The evidence from the studies reviewed in this article suggests that gliptins can play an important role in the treatment of type 2 diabetes. In certain patient groups such as the elderly, who cannot take either metformin or a thiazolidinedione and in whom concerns about hypoglycemia are greatest, thus precluding sulfonylurea therapy, gliptins may be the agents of choice. The trials reviewed here suggest that gliptins have glucose-lowering efficacy similar to that of these classes of agents. Gliptins are also effective when combined with metformin or a thiazolidinedione and, as discussed above, may prove to be useful in combination with insulin.
The eventual role of gliptins in the treatment of type 2 diabetes will depend on the answers to several questions. For example, do they preserve beta cell function and reverse the progression of diabetes? Do they affect insulin resistance? Do they have cardiovascular benefits beyond glucose-lowering? Also, since DPP-4 is widely distributed in the body, and since we do not yet know the effects of all the proteins cleaved by this enzyme, will this affect the long-term safety of these drugs?
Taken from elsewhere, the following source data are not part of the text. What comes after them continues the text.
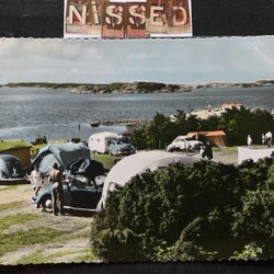 Sågstrands Camping mit Zelt und alten Autos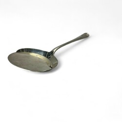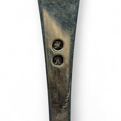 | Omschrijving | Tweede gehalte zilveren spiegeleischep, meester Zilverfabriek Voorschoten, jaarletter 1931 |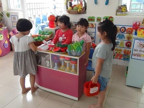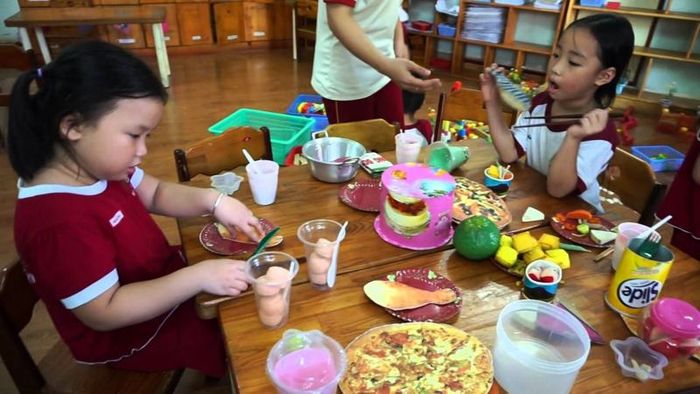 The teacher assigns roles such as father, mother, and child. The parents love, care for, and worry about their child's well-being when they are ill. The child listens to and respects their parents. Through this game, the teacher can introduce new situations to keep the play evolving.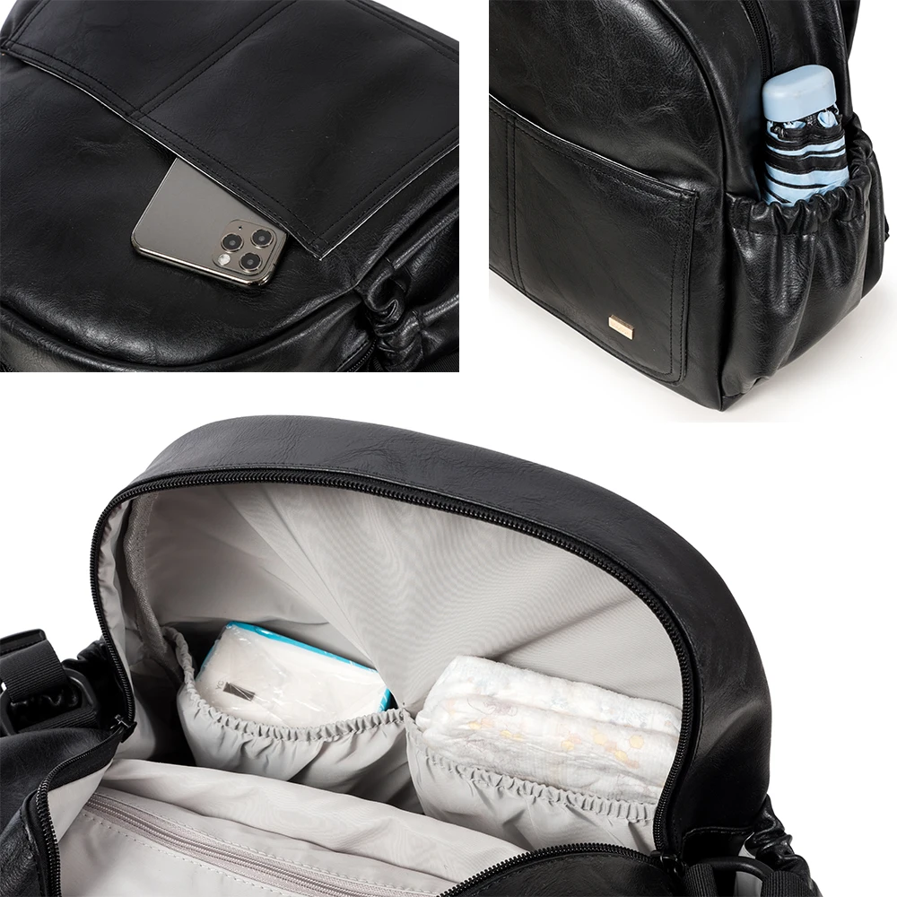 Сумка для мам черная для подгузников, модная вместительная сумка для подгузников с 2 ремнями, дорожный рюкзак для малышей

For now, we can state with reasonable certainty that gliptins lower blood sugar levels to a degree similar to that of other oral hypo-glycemic therapies, with minimal risk of hypo-glycemia, with few immediate adverse effects, and without requiring dose titration. These characteristics suggest that gliptins should be considered useful agents in monotherapy and combination therapy for the treatment of type 2 diabetes.